But don't just jump into action before you started instrumenting, before you validated that what you think is the problem, what you think is slow is actually slow.
Liz: I find it so interesting that there were these folks who claim that, you know, "Oh, instrumentation is a waste of time, right?"
Instrumentation is the most valuable thing you can do.
Charity: Instrumentation is a waste of time. Instrumentation is not valuable work.
It's not mission critical. It's not, you know, you should be spending your time on things that move the business forward.
Not things that are optional. And I'm just like, my head is just exploding at this point because how do you know, how do you know if you're working on things that are mission critical or not?
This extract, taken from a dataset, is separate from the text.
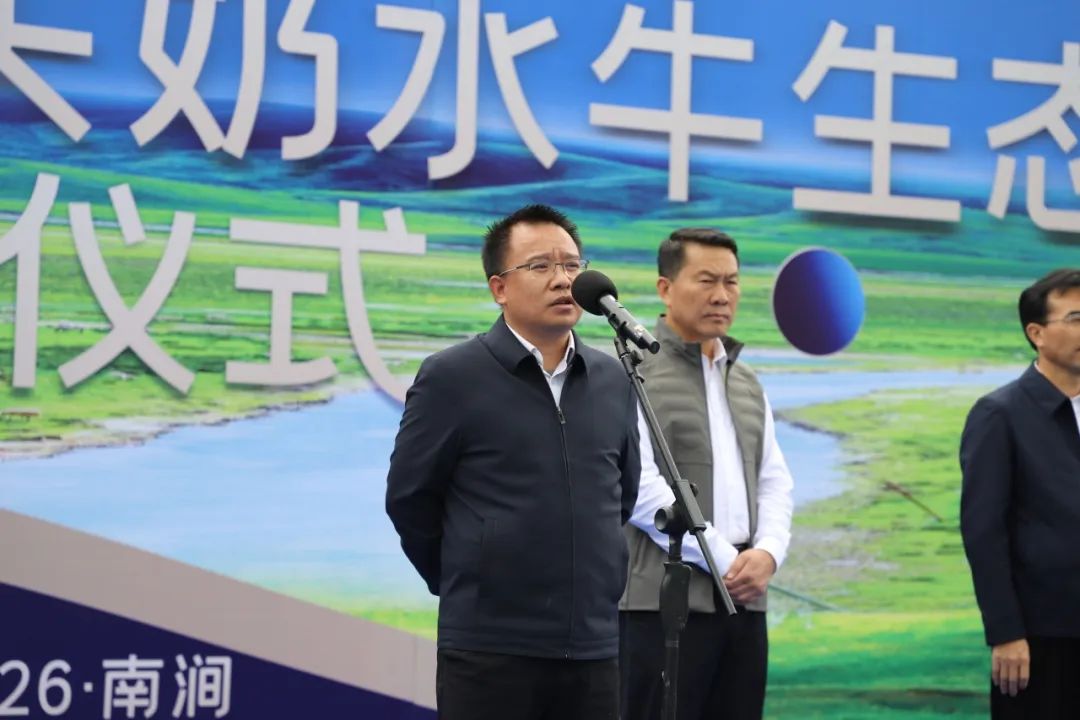 為認真貫徹落實省、州黨委、政府加快推進大理乳業(yè)高質(zhì)量發(fā)展的決策部署,10月26日上午,全球高海拔地區(qū)規(guī)模最大,也是大理州“8+1”萬頭牧場建設項目中唯一一個奶水牛場,由大理州企業(yè)家協(xié)會理事單位——來思爾乳業(yè)投資建設的大理來思爾摩菲水牛云端牧場建成暨進牛儀式在大理州南澗縣擁翠鄉(xiāng)隆重舉行。中共大理州委副書記肖創(chuàng)勇,州人大常委會副主任字云飛,州政府黨組成員、一級巡視員吉向陽,各州級相關單位和各縣相關領導出席了儀式。來思爾乳業(yè)總經(jīng)理馬萬平出席了儀式并作表態(tài)發(fā)言。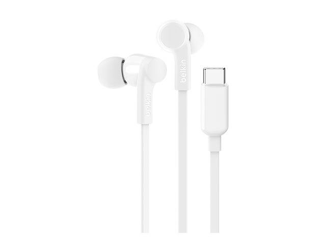 Belkin SoundForm - Hörlurar med mikrofon - inuti örat - kabelansluten - USB-C - ljudisolerande - vit

If you can't actually see it.
Andy: Yeah. I have a four step process to how I try and develop software which I try to indoctrinate as many people into as possible.
Which is have a hypothesis, measure, implement a change, verify.
Charity: That seems terribly scientific of you.
Andy: Number two, measure current. The first step is usually add instrumentation.
Actually, you have to have another set of four steps in there.
Add some instrumentation because I don't know where your build is.
My guess when I see a build pipeline these days is it's probably not caching Docker layers properly because we're spending six minutes installing node modules every single build.
Charity: Every single time. Or are you starting and stopping your database from scratch every single time.
Andy: Yeah. Use a library that lets you roll back.
Liz: But it's not just your build pipeline, right? There are all kinds of areas where you might want to measure first.
Andy: Well, yeah. I mean, providing any business feature value, is measure first.
We think that this button should be green instead of blue.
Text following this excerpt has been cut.